If you see what I wrote before, I have no problem about the humourus article which is against claiming to possess the truth. What I said is that the attempt to get close to the truth, or call it quality, or call it verifiability, is what Misplaced Pages is about. --At least if you translate away from the jargon. Verification and verify are English words with Latin roots, both referring to the attempt to confirm is something is true.--Andrew Lancaster (talk) 08:42, 24 December 2008 (UTC)
Semantics doesn't cut the mustard. Verifiability doesn't mean "it's the truth", we are interested in the veracity that a reliable source makes this claim and not the veracity of the claim itself. You seem to have misunderstand our use of the term. Verifiability simply means that when we include a specific point of view, it is attributable to a reliable published source, we're not interested if the source is "true" or not, only that our assertion that a reliable source has made this claim is true. As I say, if you want to re-write out policies, then don't come complaining to me, go and discuss it on the policy talk page. Alun (talk) 21:21, 24 December 2008 (UTC)
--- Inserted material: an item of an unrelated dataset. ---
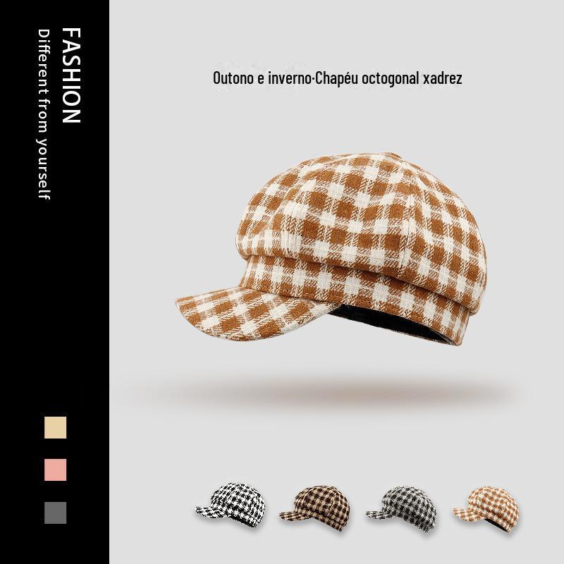 2023 outono e inverno chapéu feminino chapéu octogonal pintor rosto grande estilo coreano britânico boina soft top aba curta Xadrez boné pontiagudo

Semantics might not cut anything, but it is what this conversation is about. The sentence I objected to, if you go right back, went far beyond saying that Misplaced Pages is not about demonstrating the truth. It said Misplaced Pages is not at all concerned with the truth. It is of course very concerned with the truth, although the ways it works on it in practice are indirect so to speak. Terms like reliable, expert, quality etc, are all acceptable Wikipedian terms which refer to types of information more likely to be true. My reply was couched in terms which I had hoped made it clear that I saw this as a side discussion about semantics (starting with yours) and not a disagreement about substance. Sorry for any misunderstanding.--Andrew Lancaster (talk) 19:01, 25 December 2008 (UTC)
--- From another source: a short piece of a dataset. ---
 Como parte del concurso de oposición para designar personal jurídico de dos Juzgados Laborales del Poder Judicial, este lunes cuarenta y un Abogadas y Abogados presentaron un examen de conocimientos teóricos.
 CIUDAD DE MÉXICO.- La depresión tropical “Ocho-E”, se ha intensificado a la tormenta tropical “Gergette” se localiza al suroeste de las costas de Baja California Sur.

Verifiability not truth. If you don't like it take it to Misplaced Pages talk:Verifiability. You can claim there that this statement is an oxymoron and argue that we should only be interested in publishing things that have been "proven" to be "true". It won't be an encyclopaedia though. Alun (talk) 08:42, 26 December 2008 (UTC)
We're discussing an encyclopaedia here, and we don't deal with "truth", we're not here to promote any truth, only to provide explanations for concepts that mainstream expert opinion has published.
What they truly published? I mean, a lot of the debates on Misplaced Pages are now about what is true about what has been published, right? To say Misplaced Pages is not about what is true, is, umm, unverifiable :) (at least if you do NOT use "truth" to mean in the way used in Misplaced Pages sometimes as a word basically defined to contrast with verifiability, which is not normal English). But I do understand that in Misplaced Pages policies truth and verifiability are contrasting jargon terms drawing people's attention to the difference between claiming to have the truth (not a good argument), and showing that the work has been done (experts, publishing, peer reviewed, etc) in order to TRY to be close to the truth.--Andrew Lancaster (talk) 08:42, 24 December 2008 (UTC)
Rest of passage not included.